*** EXTRACTED RECORDS Section Begins ***

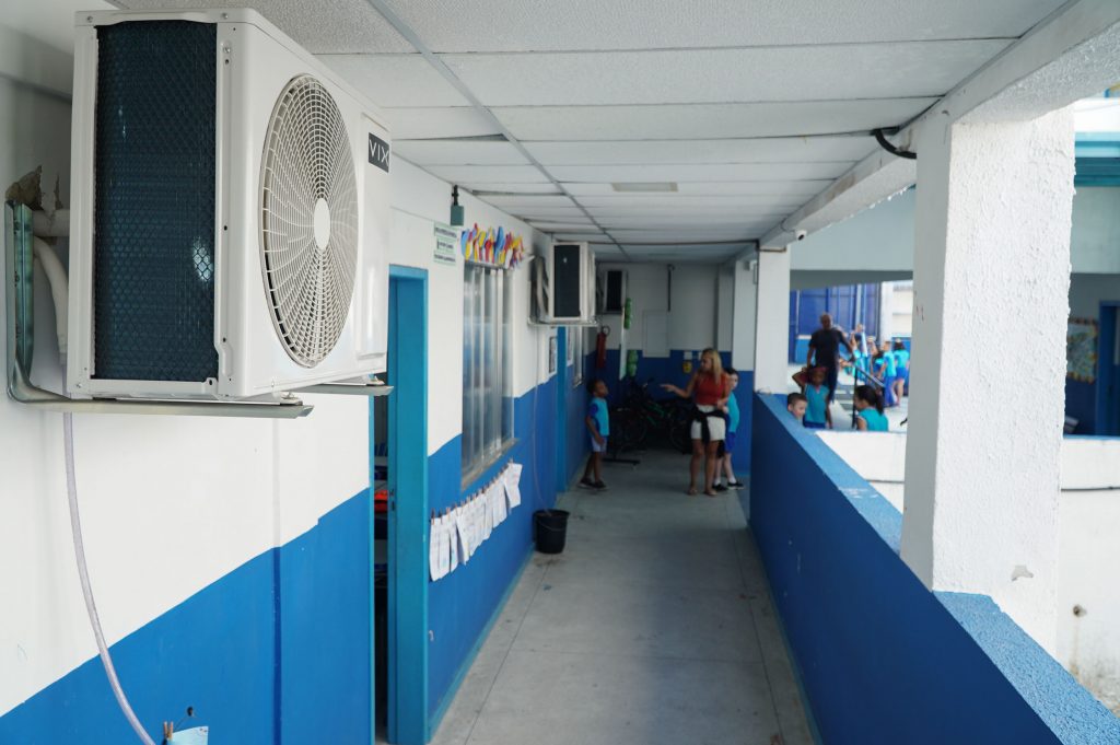 Na Escola Municipal São Miguel, no bairro São Miguel, os alunos já contam com aparelhos de ar condicionado funcionando em suas salas de aula. No final de março, a climatização também foi concluída na Escola Municipal Marcus Vinicius Cruz de Mello Moraes, em Santa Izabel.
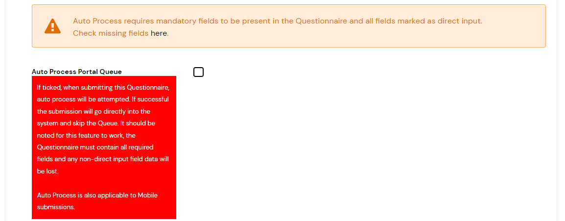 2. The Second Reason a Record may not be auto-processing is due to missing mandatory fields, this is when a field is mandatory in the Assure Form but has not been placed on the Questionnaire.
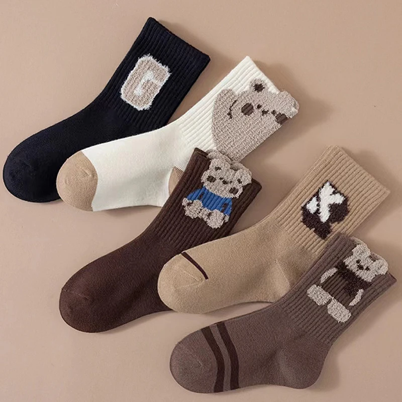 5 Pairs Cotton Cute Bear Pattern Kids Boys Mid-calf Socks Comfortable Soft Elastic Skin-friendy Cozy Socks for Children Boys
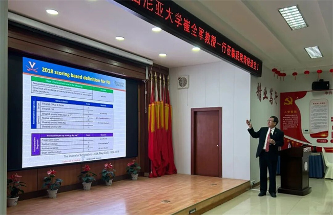 崔全军教授在我院四楼会议室,开展了题为“关节置换进展及人工关节感染的诊断和治疗”的专题研讨,我院百余名医生参会。
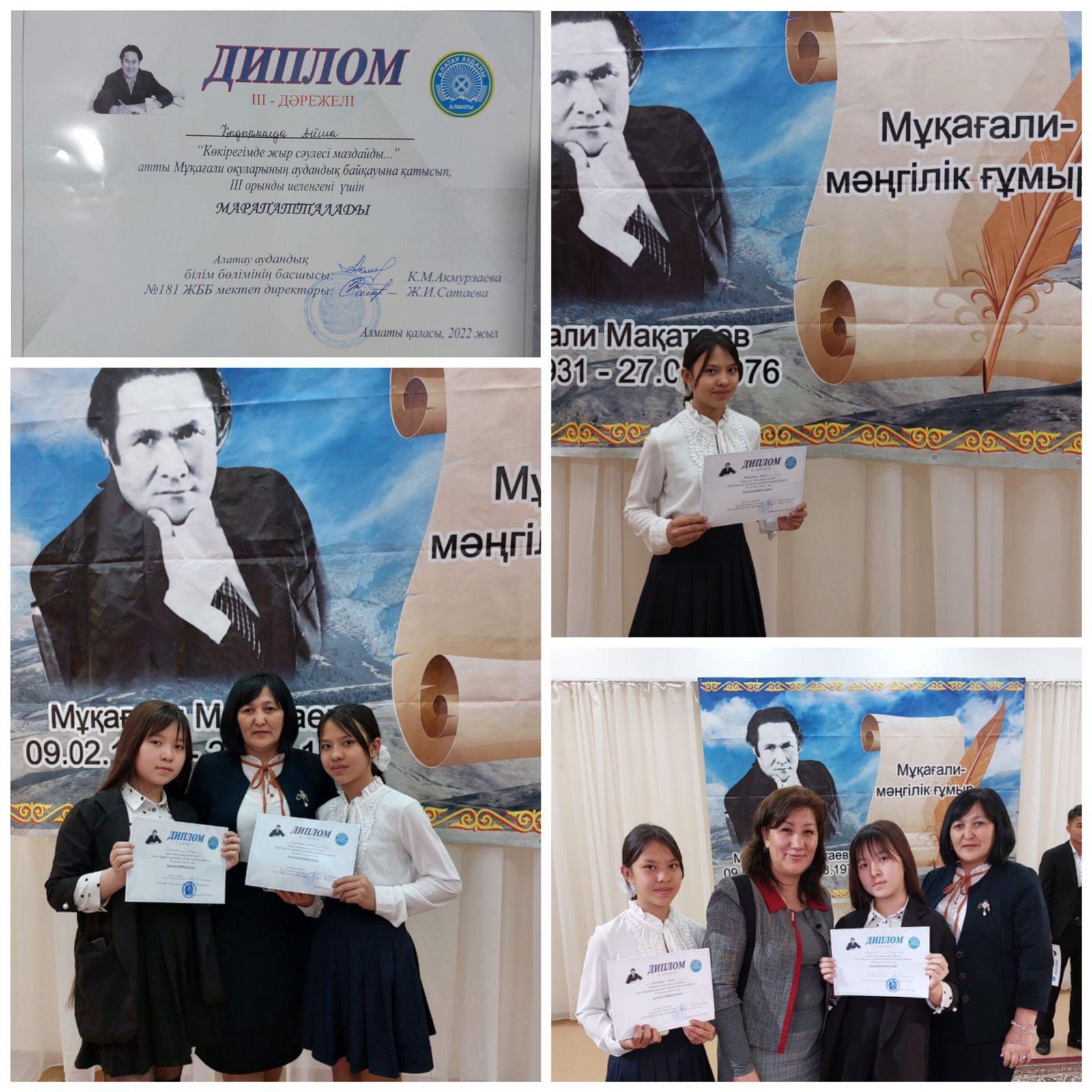 Алматы қаласы Алатау ауданы N26 жалпы білім беретін мектептің 7"Е" сынып білім алушысы Қыдырмолда Айша Аудандық білім бөлімінің ұйымдастыруымен өткізілген "Көкірегімдегі жыр сәулесі маздайды..." атты (Өз шығармашылығы бойынша) Мұқағали оқуларының аудандық байқауына қатысып, lll орын иеленгені үшін марапатталды.
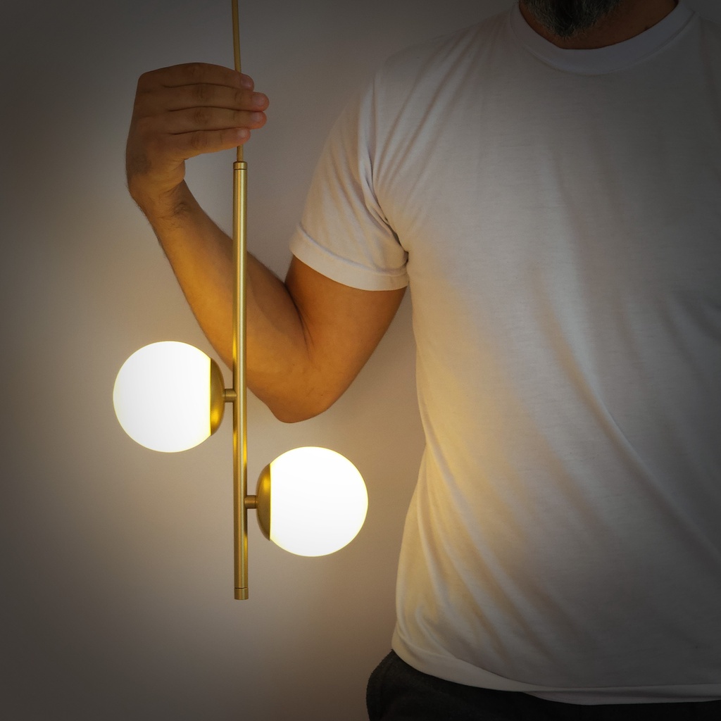 Kit 2 Pendentes Lustres Jabuticaba Globo de Vidro Dourado
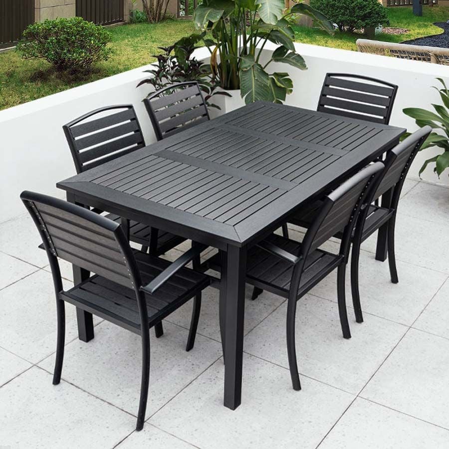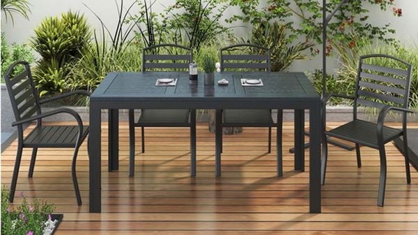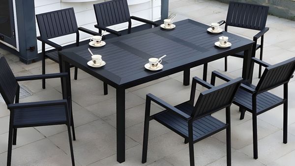 Bàn Chữ Nhật Đen Ngoài Trời Khung Nhôm Nan Polywood DPBV22
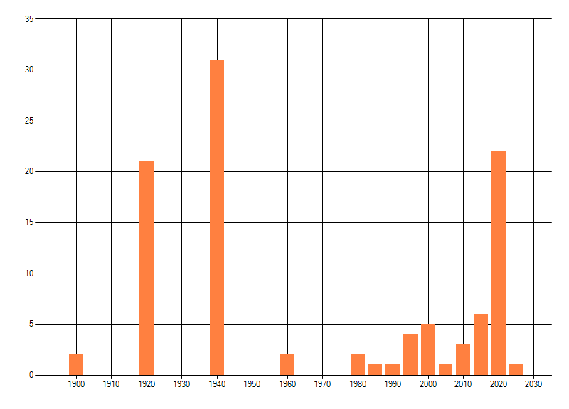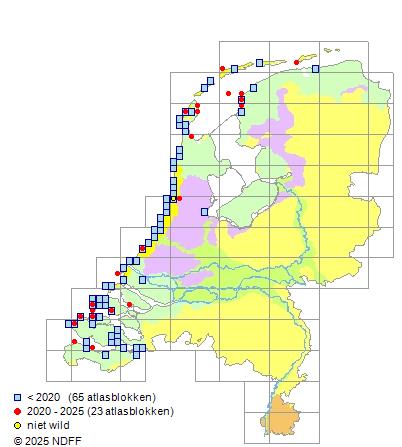 Het aantal atlasblokken (5x5 km) waarin de soort is gemeld binnen een periode van vijf jaar (vanaf 1980) of twintig jaar. Niet gecorrigeerd voor waarnemersinspanning en het aantal doorgegeven waarnemingen kan sterk variëren per periode, dus een trend in verspreiding kan hier niet direct uit worden afgelezen. Het opgegeven jaartal is het eerste jaar van de periode. Bron: gevalideerde waarnemingen uit de NDFF.
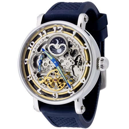 This rich looking Rougois model features a day/night indicator at 12:00, a second time zone sub-dial at 9:00 and fully skeletonized automatic (self-winding) movement. It also features a skeleton bezel with hour markers that appear to be floating in space. The blue colored hands are treated with a luminous material for viewing time in the dark. An onion crown sets the time and looks regal paired with the highly polished stainless steel case. Case: Polished solid stainless steel, 45mm diameter. Band: Silicon rubber strap. 22mm. Water Resistant: 150 feet. Warranty: 1 year.
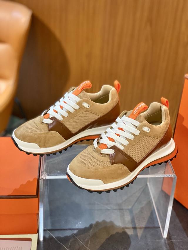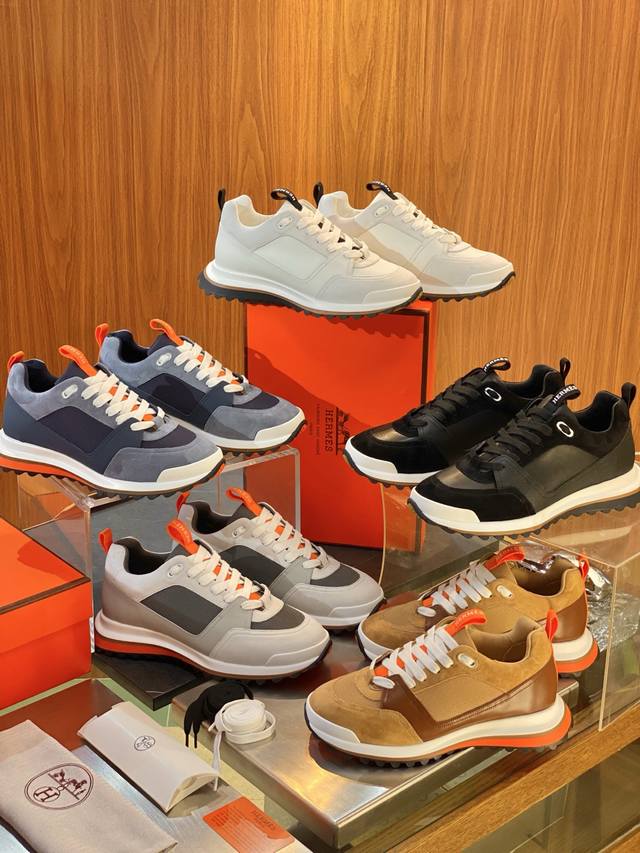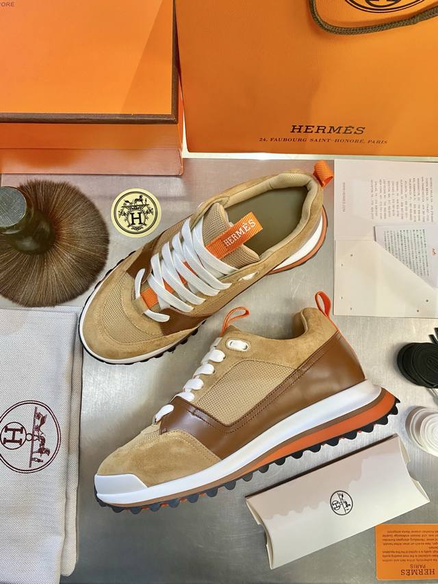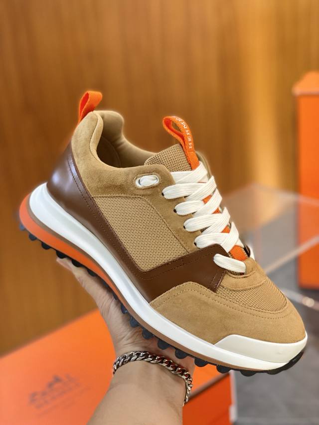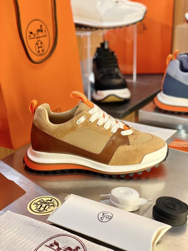 / H爱马仕Leader男士运动鞋 Size;39~44 45.46定制 小牛皮、Epsom小牛皮和麂皮山羊皮运动鞋。 轻盈几何鞋底,打造时尚都市造型。 包含第二副
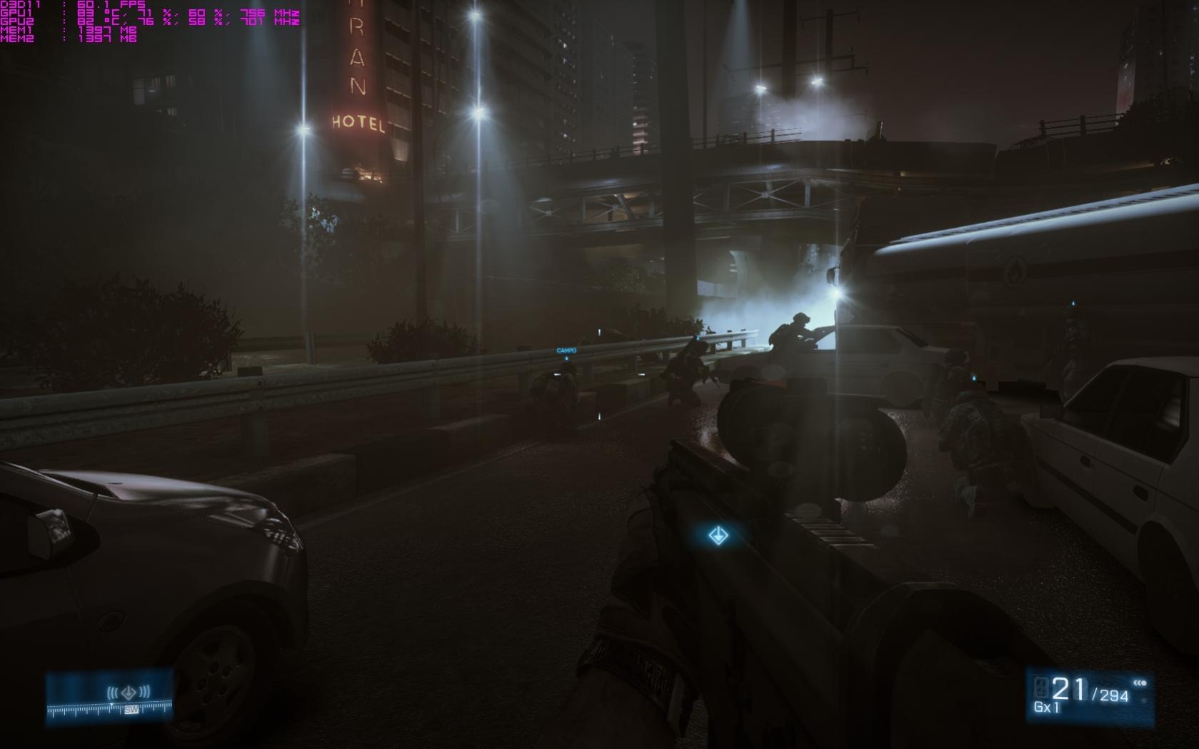 Das Spielerlebnis ist im Vergleich zur Single GPU Lösung nun auf völlig neuem Niveau. Bis dato musste ich @ Ultra, 4*MSAA immer wieder störende fps drops auf 30-35 hinnehmen. Max fps waren so um die 50. @SLI hängt die Performance jetzt endlich am erwünschten VSync Limit von 60 fps. Keine Drops mehr und die Karten skalieren in Sachen GPU Usage wunderbar. Gleiches gilt für Crysis 2 @ DX11, Texturpack und MSAA.

*** EXTRACTED RECORDS Section Ends ***

YOUR TASK: For this answer, return word for word the lines from the first line of the records through the line containing "Kit 2 Pendentes". Omit the pictures.

RESPONSE TO THIS TASK:
 Na Escola Municipal São Miguel, no bairro São Miguel, os alunos já contam com aparelhos de ar condicionado funcionando em suas salas de aula. No final de março, a climatização também foi concluída na Escola Municipal Marcus Vinicius Cruz de Mello Moraes, em Santa Izabel.
 2. The Second Reason a Record may not be auto-processing is due to missing mandatory fields, this is when a field is mandatory in the Assure Form but has not been placed on the Questionnaire.
 5 Pairs Cotton Cute Bear Pattern Kids Boys Mid-calf Socks Comfortable Soft Elastic Skin-friendy Cozy Socks for Children Boys
 崔全军教授在我院四楼会议室,开展了题为“关节置换进展及人工关节感染的诊断和治疗”的专题研讨,我院百余名医生参会。
 Алматы қаласы Алатау ауданы N26 жалпы білім беретін мектептің 7"Е" сынып білім алушысы Қыдырмолда Айша Аудандық білім бөлімінің ұйымдастыруымен өткізілген "Көкірегімдегі жыр сәулесі маздайды..." атты (Өз шығармашылығы бойынша) Мұқағали оқуларының аудандық байқауына қатысып, lll орын иеленгені үшін марапатталды.
 Kit 2 Pendentes Lustres Jabuticaba Globo de Vidro Dourado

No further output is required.